The High Season(96)



A look came over Jem’s face then that gave Ruthie a different picture of her daughter. The strong person she would become. No. Already was. “Not family.”

“I don’t know, sweetie.”

“Please, Mom!”

“Let me sleep on it. It’s time for bed now. It’s time for sleep. We can talk more in the morning.”

Murmuring, she drew up the covers again. In the moonlight she placed her head close on the same pillow. She whispered in Jem’s hair. Not your fault, baby, not your fault, Doe is fine, everything will be okay. Still whispering, she felt the moment Jem slid into sleep. She lifted on one elbow to watch her. The moon was so bright.

Despite all of it, this terrible, terrible night, she felt the bright presence of hope.

Pool toys and fortunate landings and the light of the moon. Miracles abounding.





63


EVERYTHING HURT, AND all they gave her was extra-strong ibuprofen. A torn ligament in her knee, two bruised ribs from hitting a branch on the way down (which, apparently, was lucky because it broke the fall). She had landed like a circus performer, the doctor said approvingly. Feet first. Doe had no memory of hitting the pool or what came after until the ambulance. The last thing she remembered was running across the lawn, jumping in the castle, punching Lucas, telling Jem to jump, and then…liftoff.

Somewhere along the way she’d lost Lucas’s watch. She had put it in her pocket and now it was gone.

Nothing lost that was hers. Nothing broken.

Lark had not come. She had not called, or texted.

Doe swung her legs over the bed. “You need rest,” the nurses all said, and then they woke you up every fifteen fucking minutes to check your whatevers. Now it was the next day. Shari had gone for coffee and breakfast. The relief of her absence was something, anyway. She had a crashing headache but it wasn’t from injuries, it was from Shari, talking, making plans. Doe would be released as soon as the doctor came. The doctor would be here soon they kept saying. That was two hours ago.

    The bouncy castle was front-page news. It was THE BIG BOUNCE in the New York Post and MANTIS BASH CRASH in the Daily News. She wouldn’t want to be Lark at the breakfast table this morning. It was only a matter of time before they blamed her lack of experience for the disaster.

Doe was fighting a great tug, that embarrassing, savage need of every dumpee to have the last conversation. Even though you knew the last one had already taken place. One more, you cried. There was always more to say and even more to take back.

She kept replaying Lark’s line in her head, that the privileged had to look for goodness just like everybody else. Wasn’t that just like Lark, to think that everybody looked for goodness? Doe never had. She had looked for the opposite. So she could be ready.

She would never have the last conversation. She would not be able to explain, to sum up what made her so broken, to explain what it’s like when you’re wired to feel every innocence that was lost.

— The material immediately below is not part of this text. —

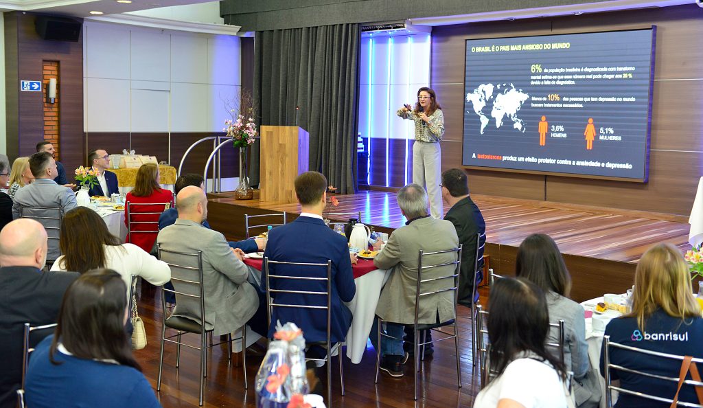 A palestra da manhã com a psicóloga Dra. Luciane Farina Fochesatto trouxe um tema muito relevante, a sustentabilidade emocional – o papel do lider na saúde mental de seus colaboradores. O estado de bem-estar mental e emocional de um colaborador no ambiente profissional envolve a capacidade de lidar com as pressões do trabalho, equilibrando-as com as questões pessoais e externas, e de forma saudável, com as relações com colegas e lideranças.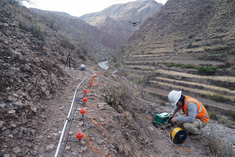 Realizamos estudios geofísicos para la exploración y caracterización del subsuelo, mediante métodos no invasivos que permiten determinar propiedades dinámicas y estructuras internas del terreno

She’d have to learn to be a better person. Was that something you could learn? Was Shari finally right about something other than laundry? Could she forget the tampon in her nose, and remember the tuna sandwich?

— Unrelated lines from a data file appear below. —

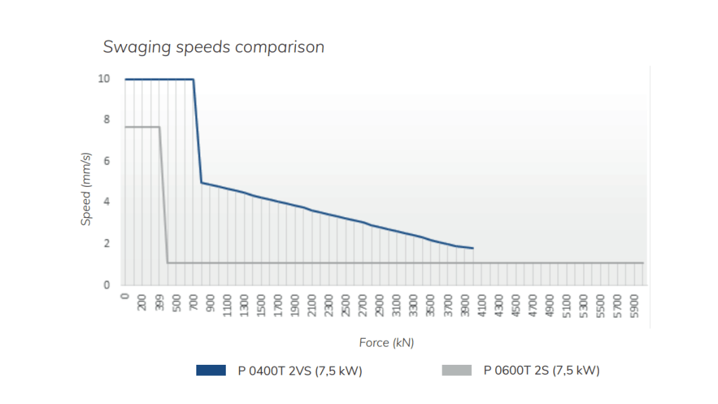 The variable speed feature is not only allowing for a superior speed over the full swaging cycle, but also allows the operator to control the speed of the swaging operation. By turning the speed adjustment to the maximum, the piston will swage at a speed of 10 mm/s and as it builds pressure it will gradually slow down with a minimum value of 1,8 mm/s at a full force of 400 tonnes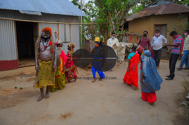 AGARTALA,TRIPURA,INDIA,12-04-2020 : Folk artists are performing the rituals of Shiber Gajan with covering the face with cloth and mask , during a government-imposed nationwide lockdown as a preventive measure against the COVID-19, in the outskirts of Agartala, capital of the Northeastern state of Tripura, India. PHOTO BY-ABHISEK SAHA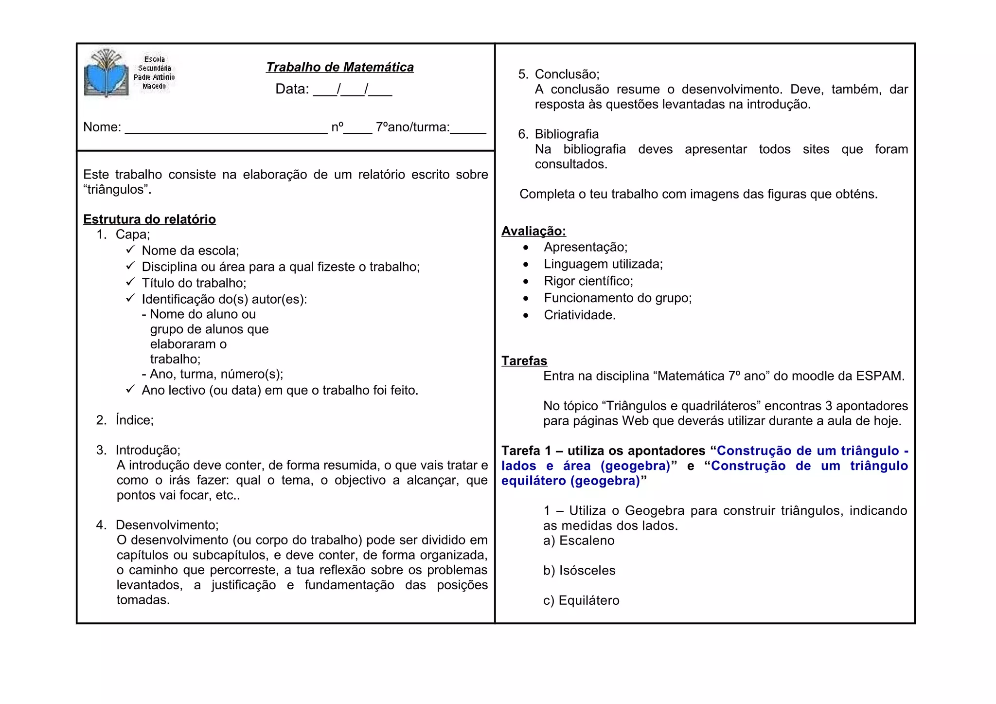 Este documento fornece instruções para a realização de um trabalho sobre triângulos utilizando o Geogebra. Inclui quatro tarefas para construir e analisar triângulos de diferentes tipos, responder perguntas sobre classificação de triângulos e relações entre lados e ângulos. Também fornece a estrutura esperada para o relatório escrito.

The last thing Shari had said to her was “Phoenix.” With no job and no money, they had nowhere else to go but to her aunt. Shari was going to wait until it was later and then call the odious Belinda. It would be hell, but for a girl who had always cultivated options, Doe had run out.

Doe mapped the route on her phone. Turned out there were a thousand ways to get to Phoenix, basically. Despite Shari’s pleas for “scenic stops,” Kansas City barbecue or New Orleans or the St. Louis arch, Doe was headed for a straight line down superhighways. When you blow town, you blow town.

“I read somewhere that the next thing that’s going to go is water,” Shari had said. “And isn’t it like a desert there already? I’m sure Phoenix knows what it’s doing, though.”

    “Yeah,” Doe said.

“They have museums there. I looked it up. And fancy hotels. With concierges. Spas! We’ll get killer jobs. We won’t have to stay with Belinda long.”

Doe lay back down again, weighted by her mother’s buoyancy. She had been raised by a child.

The luck of the exile: You get to choose where to go. Well, not if you’re leaving Syria. But if you’re a pretty girl with a good brain, a dependable car, and $422.15 in your bank account, sure. She’d heard on a podcast that most Americans couldn’t find $400 if they had an emergency. She was $22.15 ahead of the game.

Jem and Ruthie had come earlier (waking her up—after this experience she would sleep for days) and she had endured Ruthie’s weepy thanks and Jem’s tears. Ruthie had kissed her on the forehead and said she was her friend for life. Which was a first, for Doe.

Then Ruthie had left to find Shari, who was out in the hallway somewhere, and Jem had looked at her miserably and Doe had felt worse, because they had an asshole in common.

Jem picked at the hole in her jeans. “Everyone keeps telling me it’s not my fault.”

Doe sighed. “You didn’t make the wind. You weren’t the crew. You weren’t the curator who forgot the instructions and didn’t tell the crew to take the things down. And you weren’t the guy who fooled around with a fifteen-year-old. First time?”